_EXERCISE:_ Copy out all the lines of the data precisely, omitting any pictures.

* * * * * * * * *

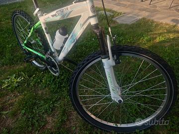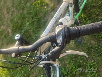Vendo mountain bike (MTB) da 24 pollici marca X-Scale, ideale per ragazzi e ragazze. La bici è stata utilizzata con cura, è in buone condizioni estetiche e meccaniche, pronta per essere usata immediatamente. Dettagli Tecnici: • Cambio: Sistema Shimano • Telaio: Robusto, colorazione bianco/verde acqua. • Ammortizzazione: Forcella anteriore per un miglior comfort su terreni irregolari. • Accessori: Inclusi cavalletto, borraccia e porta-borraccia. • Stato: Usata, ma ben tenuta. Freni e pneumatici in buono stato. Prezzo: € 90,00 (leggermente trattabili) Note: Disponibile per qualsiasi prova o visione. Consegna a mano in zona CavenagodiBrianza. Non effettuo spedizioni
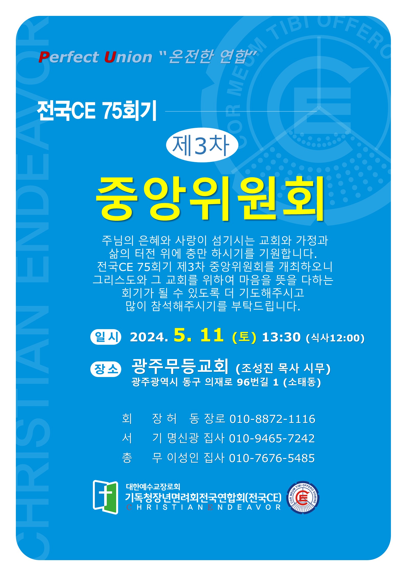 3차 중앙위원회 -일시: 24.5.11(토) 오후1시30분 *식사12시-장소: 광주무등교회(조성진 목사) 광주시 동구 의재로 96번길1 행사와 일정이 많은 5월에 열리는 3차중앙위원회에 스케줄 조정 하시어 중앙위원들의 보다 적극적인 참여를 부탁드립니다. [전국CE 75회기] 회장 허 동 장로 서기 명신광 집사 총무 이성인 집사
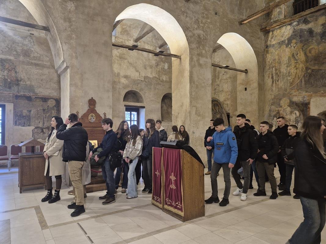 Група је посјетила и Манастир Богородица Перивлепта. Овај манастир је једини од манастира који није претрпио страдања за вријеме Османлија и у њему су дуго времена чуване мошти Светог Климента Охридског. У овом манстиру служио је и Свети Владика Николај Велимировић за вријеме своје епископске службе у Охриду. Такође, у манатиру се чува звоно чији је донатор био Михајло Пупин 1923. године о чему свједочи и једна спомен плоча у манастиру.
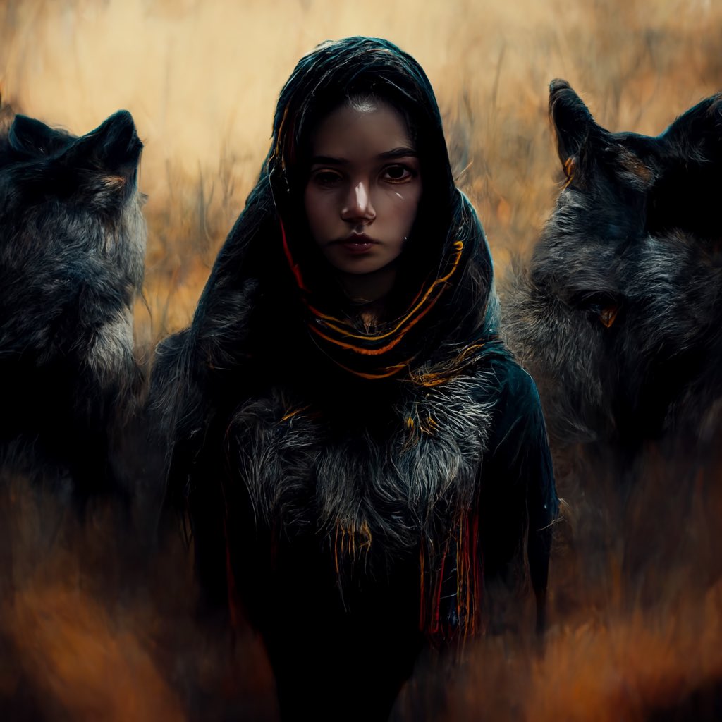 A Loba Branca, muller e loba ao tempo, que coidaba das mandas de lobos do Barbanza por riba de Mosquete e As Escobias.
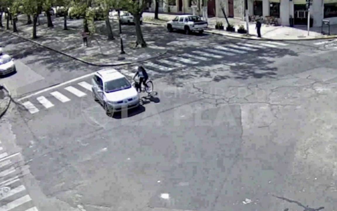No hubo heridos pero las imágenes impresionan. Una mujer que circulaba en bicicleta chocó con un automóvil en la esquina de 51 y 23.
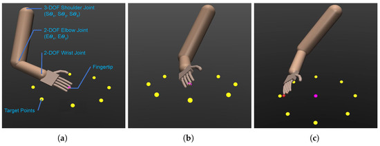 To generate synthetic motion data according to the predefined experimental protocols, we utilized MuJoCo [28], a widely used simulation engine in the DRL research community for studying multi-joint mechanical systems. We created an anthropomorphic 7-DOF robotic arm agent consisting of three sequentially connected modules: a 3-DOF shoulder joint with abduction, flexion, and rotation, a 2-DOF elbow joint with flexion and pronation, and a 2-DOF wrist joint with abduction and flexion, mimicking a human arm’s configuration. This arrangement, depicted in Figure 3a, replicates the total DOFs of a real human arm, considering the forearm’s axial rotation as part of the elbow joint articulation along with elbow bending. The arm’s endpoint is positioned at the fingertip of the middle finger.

* * * * * * * * *

_TASK SOLUTION:_
Vendo mountain bike (MTB) da 24 pollici marca X-Scale, ideale per ragazzi e ragazze. La bici è stata utilizzata con cura, è in buone condizioni estetiche e meccaniche, pronta per essere usata immediatamente. Dettagli Tecnici: • Cambio: Sistema Shimano • Telaio: Robusto, colorazione bianco/verde acqua. • Ammortizzazione: Forcella anteriore per un miglior comfort su terreni irregolari. • Accessori: Inclusi cavalletto, borraccia e porta-borraccia. • Stato: Usata, ma ben tenuta. Freni e pneumatici in buono stato. Prezzo: € 90,00 (leggermente trattabili) Note: Disponibile per qualsiasi prova o visione. Consegna a mano in zona CavenagodiBrianza. Non effettuo spedizioni
 3차 중앙위원회 -일시: 24.5.11(토) 오후1시30분 *식사12시-장소: 광주무등교회(조성진 목사) 광주시 동구 의재로 96번길1 행사와 일정이 많은 5월에 열리는 3차중앙위원회에 스케줄 조정 하시어 중앙위원들의 보다 적극적인 참여를 부탁드립니다. [전국CE 75회기] 회장 허 동 장로 서기 명신광 집사 총무 이성인 집사
 Група је посјетила и Манастир Богородица Перивлепта. Овај манастир је једини од манастира који није претрпио страдања за вријеме Османлија и у њему су дуго времена чуване мошти Светог Климента Охридског. У овом манстиру служио је и Свети Владика Николај Велимировић за вријеме своје епископске службе у Охриду. Такође, у манатиру се чува звоно чији је донатор био Михајло Пупин 1923. године о чему свједочи и једна спомен плоча у манастиру.
 A Loba Branca, muller e loba ao tempo, que coidaba das mandas de lobos do Barbanza por riba de Mosquete e As Escobias.
No hubo heridos pero las imágenes impresionan. Una mujer que circulaba en bicicleta chocó con un automóvil en la esquina de 51 y 23.
 To generate synthetic motion data according to the predefined experimental protocols, we utilized MuJoCo [28], a widely used simulation engine in the DRL research community for studying multi-joint mechanical systems. We created an anthropomorphic 7-DOF robotic arm agent consisting of three sequentially connected modules: a 3-DOF shoulder joint with abduction, flexion, and rotation, a 2-DOF elbow joint with flexion and pronation, and a 2-DOF wrist joint with abduction and flexion, mimicking a human arm’s configuration. This arrangement, depicted in Figure 3a, replicates the total DOFs of a real human arm, considering the forearm’s axial rotation as part of the elbow joint articulation along with elbow bending. The arm’s endpoint is positioned at the fingertip of the middle finger.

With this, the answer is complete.